“Pain during acupuncture”
I have worked in Natural Body Manipulation for over 25 years and specialize in severe chronic issues. When I have a client that can benefit from another modality, I refer them out. I use acupuncturist for a variety of reasons.
I referred a client 46 male, to a 20plus year acupuncturist. The client has had excruciating pain every time the needles are put in. He cannot stand the needles entering his body. He receives some relief for 1-2 days (maybe) after treatment.
- The pain is excruciating- he is a cop and can handle pain
- There are red marks that arise after she does it sometimes. (It does not look like old bruising, but she may have broken new capillaries).
- He can handle massage, cranial treatment and neural palpation
- No herb routine is making a difference in his inflammatory response. herbs are given by the acupuncturist. She has tried 4 different ideas.
- His skin is inflamed.
- He has made fluid filled cysts in his low back
- His initial injury is from being hit as a motorcycle cop on the side at 60mph
- he has received the most benefit from neural palpation
- I cant seem to get a good response or think from other acupuncturist that I know
- All of his blood work comes back clear
- Could he have some type of overworking blood system?
- Would anyone credit this to limbic overload?

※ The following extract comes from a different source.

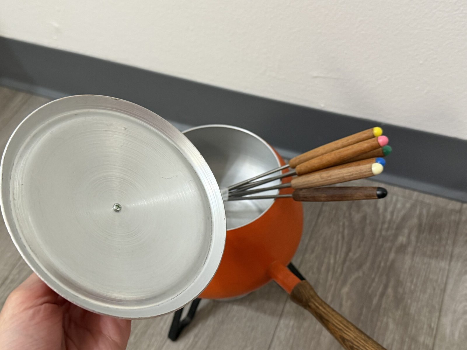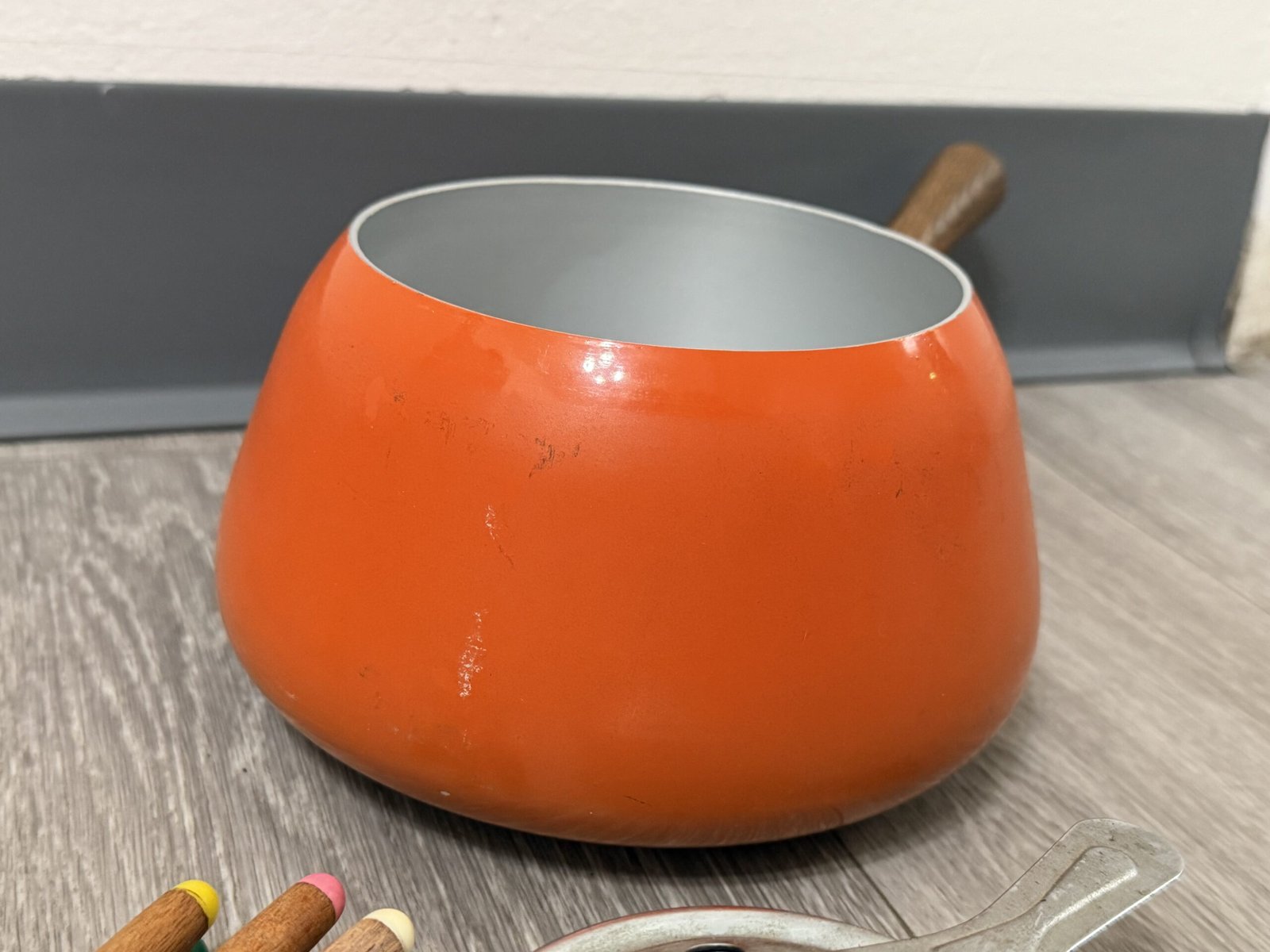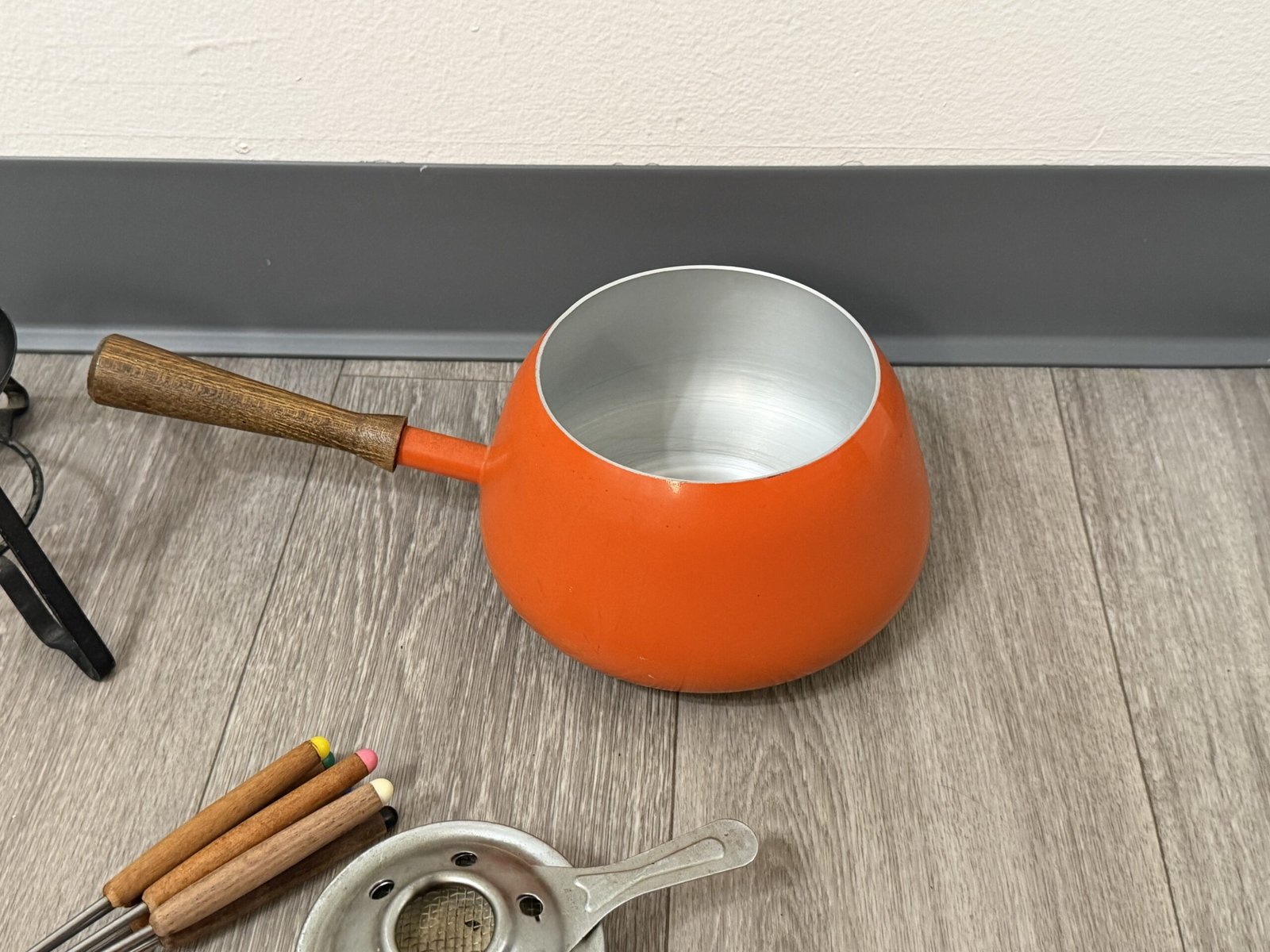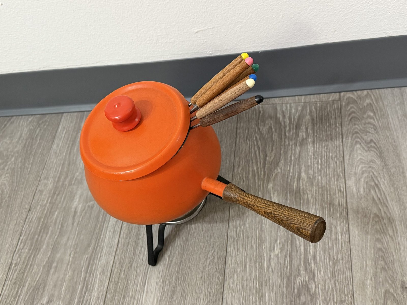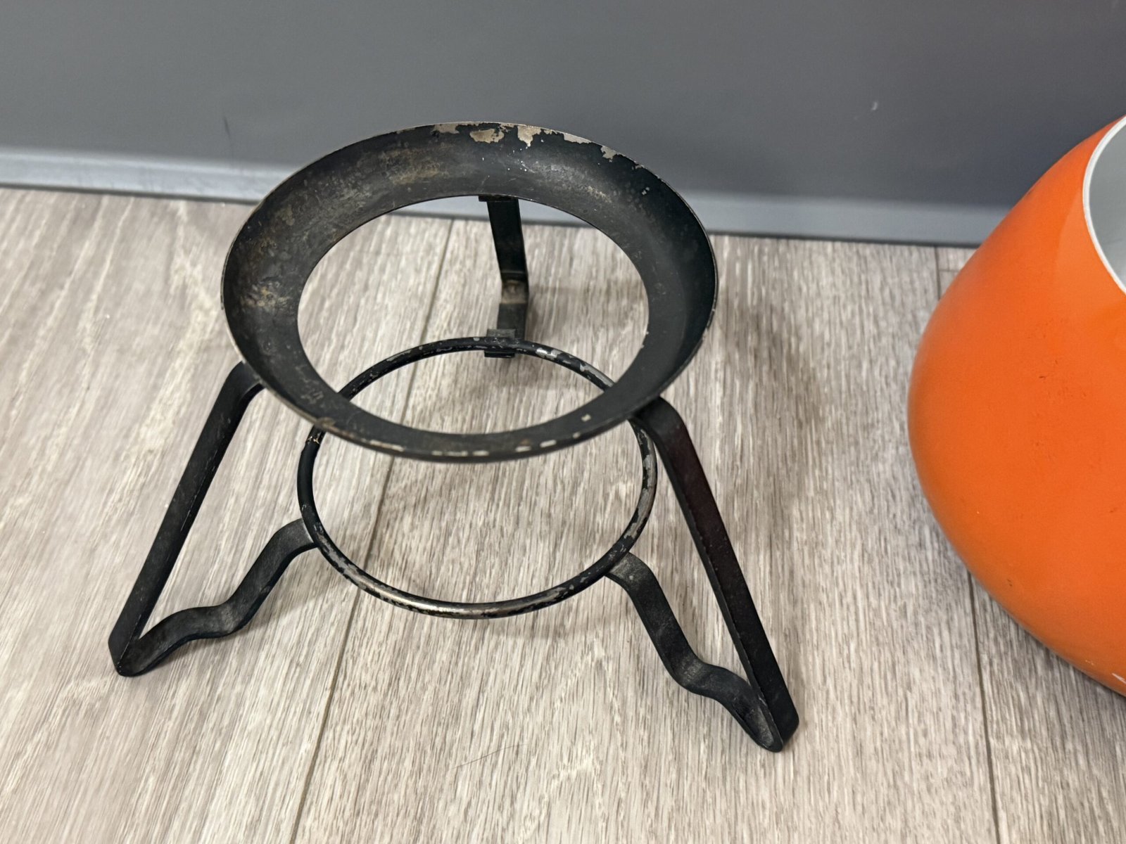 1960s orange enamel fondue set with forks and burner; inner rim is razor sharp and can cut—handle carefully.

- Why would it hurt so badly?
Male | 46 years old
Complaint duration: 6 months
13 Answers
could assist. Also he would benefit from being treated emotionally with acupuncture, maybe with very few needles. There’s a technique called “5 element”, which specifically works on the emotions. It can be very powerful. I would look for an acupuncturist who specializes in that but I do think with not too many sessions he will find relief. It takes some patience when working with past emotional trauma.
The first is that the person is dehydrated. Make sure he drinks at least 8 ounces of water before going to the acupuncturist (no soda or coffee or anything with caffeine as it dehydrates people). Also make sure he has proper electrolytes.
Another reason is fibromyalgia (FMS). Trauma can sometimes bring this on. It would take too much to explain FMS here – he would require a change of diet and boost his immune system. It is curable.
Finally, it is completely emotional. When the skin breaks out it can be either Wood or Air elements which represent anger or grief respectively. My guess would be anger. Wood is the Liver Gallbladder. Does he drink or do any drugs? Has he had any therapy to deal with the accident.
Many times an accident can cause PTSD. He may need help with this.
Without actually seeing the person and doing a tongue and pulse diagnosis it is impossible to tell the real underlying cause but 80% of the time there is always a significant emotional element to all conditions. Deal with the emotions first and sometimes the physical issues just go away.
I have a few guesses here:
1. Your patient has a severe allergy to surgical stainless steel.
2. Your patient has been in chronic pain long enough that he has become centrally sensitized and his brain is now interpreting most signals as pain signals.
3. The acupuncturist is needling too deeply and/or has one track they use to treat issues like this and can't think outside the box enough to come up with another way that fits this patient better.
As far as the herbs go - it's very easy to miss on a Chinese diagnosis and get the wrong herbal formula. Most folks see "inflammation", think "heat" and go for heat clearing herbs. Sometimes this is the case, and sometimes it's a lot more complicated than that.
I'd have to see/evaluate the patient to give any more/better advice in this case. My best suggestion would be to see if you can find an acupuncturist who practices either Tung/Tan or has more of an ortho/sports medicine focus. You need someone who can either treat the painful area without needling in the painful area or someone who can address specific structure in the painful area with a high degree of accuracy. Unfortunately, most acupuncturists practice so-called "TCM" acupuncture and this leaves them limited when local needles either don't solve the problem, cause more problems, or both.